As of 2010, J&J had reported sales of $295 million in the US alone. J&J did agree to re-label the device and in 2011 the FDA began considering re-classifying vaginal mesh products from a moderate risk product to a high risk product. I guess we should be grateful (insert snark). In the mean time, women continued to suffer and die. It is only recently, after hundreds of lawsuits, that J&J applied to recall Prolift and other vaginal mesh products. According to a J&J spokesperson:

“We came to this decision after carefully considering numerous factors” including “the commercial viability of these products in competitive and declining worldwide markets, the complexities of the regulatory environments in which we operate, and the availability of other treatment options for women,” 

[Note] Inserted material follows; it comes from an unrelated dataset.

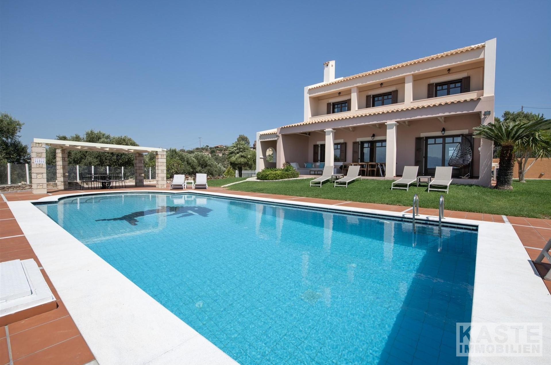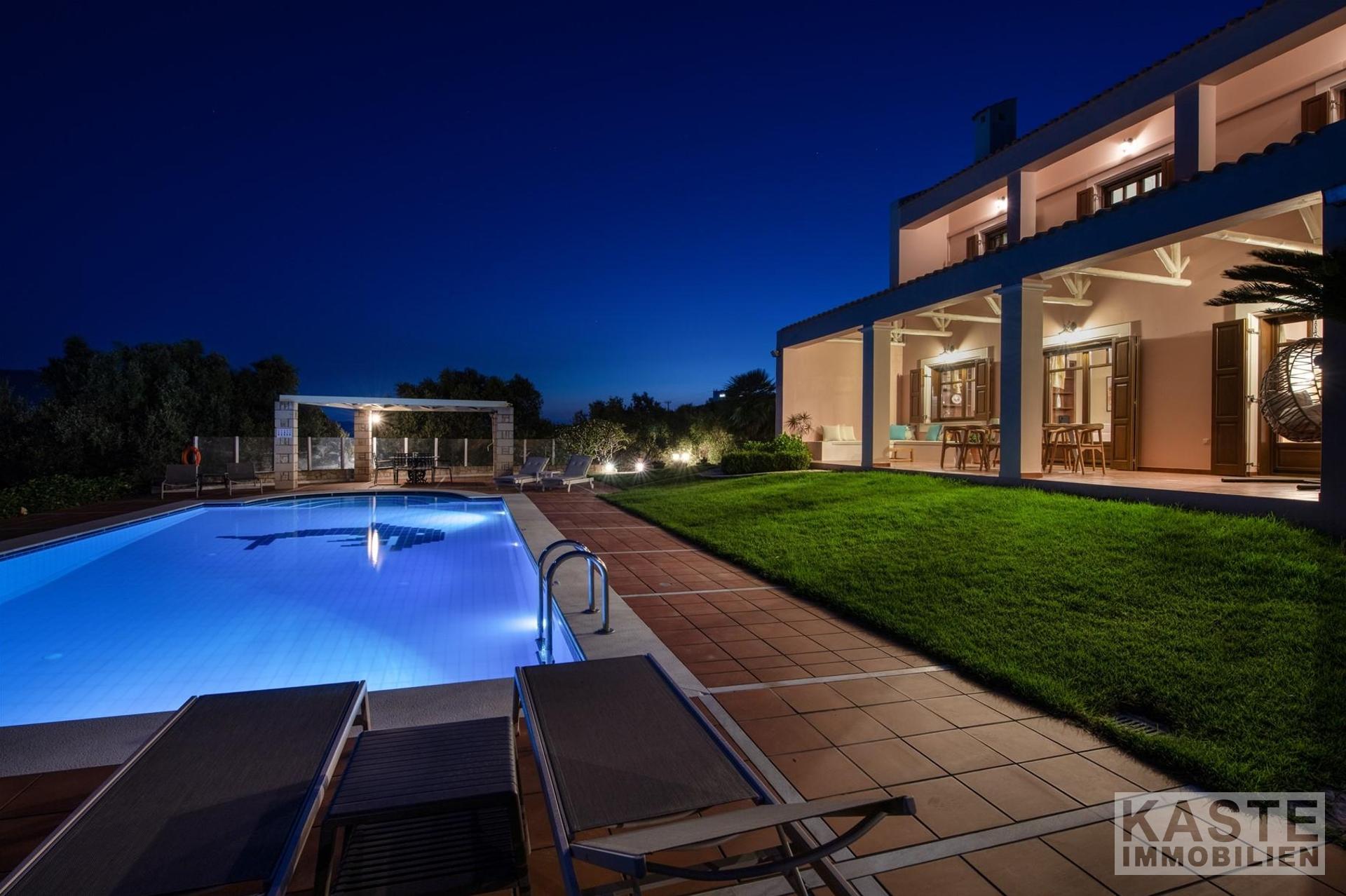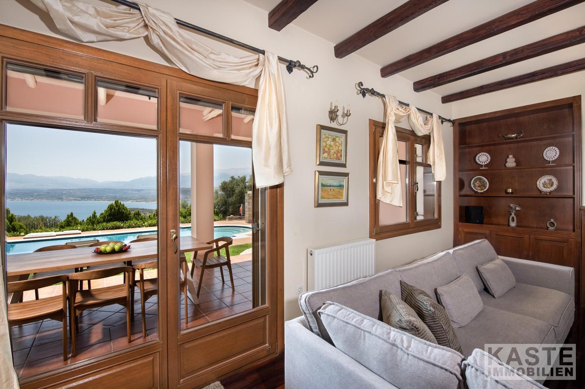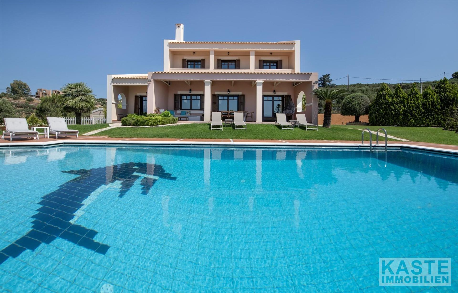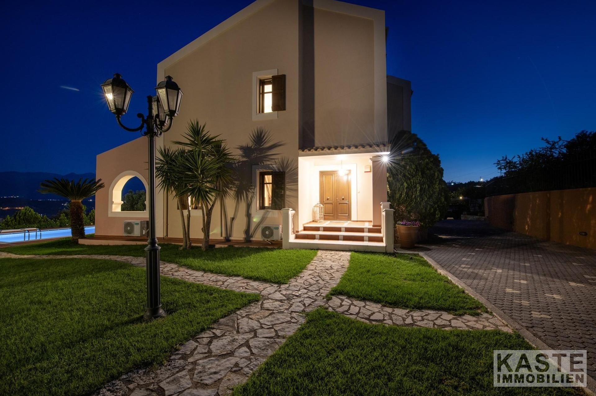 Diese beeindruckende Luxusvilla in Sternes, einem der begehrtesten Dörfer auf der malerischen Halbinsel Akrotiri, bietet Ihnen auf Kreta ein unvergleichliches Wohngefühl verbunden mit spektakulären Panoramablicken auf die Bucht von Souda und die majestätischen Weißen Berge. Die großzügige Immobilie mit einer Wohnfläche von 343 m² erstreckt sich über eine weitläufige Konzeption mit 5 eleganten Schlafzimmern und 3 modernen Badezimmern, ideal für Familien und Liebhaber exklusiven Komforts.

Notice, that it was market factors, not product safety, behind the decision. The report goes on to say that products will be phased out on a region by region basis over the next year. I guess there is no rush to recall these products since J&J admits no health or safety concerns and the FDA approved the product. I sure would hate to be the last region in the recall.

So no, I do not trust the FDA to protect my health. I am afraid many other women, some of whom are mommy bloggers (yes, I am a mom and I blog), scientists and proponents of better health don’t either. Yet, we still must make decisions that affect our health and our family’s health. To all the women responsible for family health decision: verify, then trust.

Resource to Verify Medication Safety

AdverseEvents.com : this is a fantastic site run by a private company that allows individuals to list and view adverse events and side effects for every medication on the market. It is free to the user.  If you are an  Yaz, Yasmin or Ocella user, I encourage you to look up those medications and compare their side effect profiles to other drugs. This site does not list medical devices. If any of our readers know of a similar site for adverse events associated with devices, please share.